▶ [YOUR ASSIGNMENT] Restate each entry below exactly; pictures stay out of the copy.

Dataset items
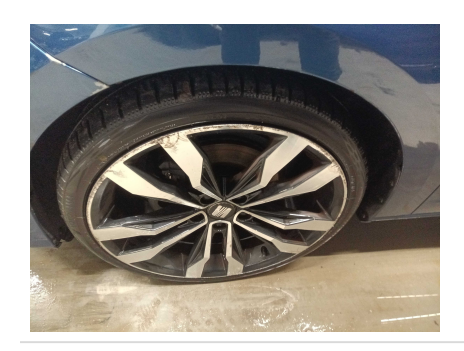
7. SIDE: Left and right side - visual damage / scratches
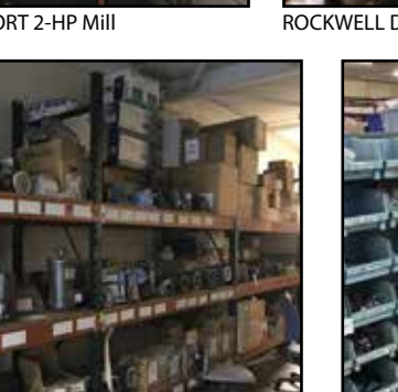
Gear Reducers, Air Lines & Conveyor Parts

Boom Jib • (25+/-) Manual Pallet Jacks • (20+/-) 2-Wheel Dollies
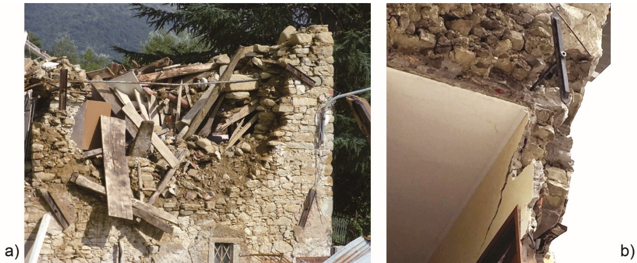
Fig. 13. Collapse of a masonry building having steel ties combined to poor mortar. a) Amatrice, Petrana; b) Arquata d/T, Piazza Umberto I.

These mortar characteristics could at least partially explain the performance found after the 24 th August event, worse than that of the 2009 L’Aquila Earthquake. Additionally, several experiments show that undressed natural stone with proper mortar can have substantial seismic strength (e.g., Magenes et al. 2014; Silva et al. 2014; Giaretton et al. 2017). If disintegration due to poor masonry quality occurs any modelling of building response becomes unreliable (Sorrentino et al. 2017). As shown in Fig. 13, when masonry has such a low strength even the systematic use of steel ties is ineffective. When combined with a reasonable quality masonry, steel ties certainly contributed to preventing collapse (Fig. 3, Fig. 8). Nevertheless, besides the low masonry quality, the limited presence of connections in many buildings, the reduced strength of lateral walls compared to large-units wall intersections (Fig. 14), as well as the presence of intermediate floors having scarce diaphragm effect, poor details at the bearings, and no connections to the walls parallel to beams, should be recalled (Fig. 6).

▶ [WRITTEN RESPONSE]
7. SIDE: Left and right side - visual damage / scratches
Gear Reducers, Air Lines & Conveyor Parts

Boom Jib • (25+/-) Manual Pallet Jacks • (20+/-) 2-Wheel Dollies
Fig. 13. Collapse of a masonry building having steel ties combined to poor mortar. a) Amatrice, Petrana; b) Arquata d/T, Piazza Umberto I.

These mortar characteristics could at least partially explain the performance found after the 24 th August event, worse than that of the 2009 L’Aquila Earthquake. Additionally, several experiments show that undressed natural stone with proper mortar can have substantial seismic strength (e.g., Magenes et al. 2014; Silva et al. 2014; Giaretton et al. 2017). If disintegration due to poor masonry quality occurs any modelling of building response becomes unreliable (Sorrentino et al. 2017). As shown in Fig. 13, when masonry has such a low strength even the systematic use of steel ties is ineffective. When combined with a reasonable quality masonry, steel ties certainly contributed to preventing collapse (Fig. 3, Fig. 8). Nevertheless, besides the low masonry quality, the limited presence of connections in many buildings, the reduced strength of lateral walls compared to large-units wall intersections (Fig. 14), as well as the presence of intermediate floors having scarce diaphragm effect, poor details at the bearings, and no connections to the walls parallel to beams, should be recalled (Fig. 6).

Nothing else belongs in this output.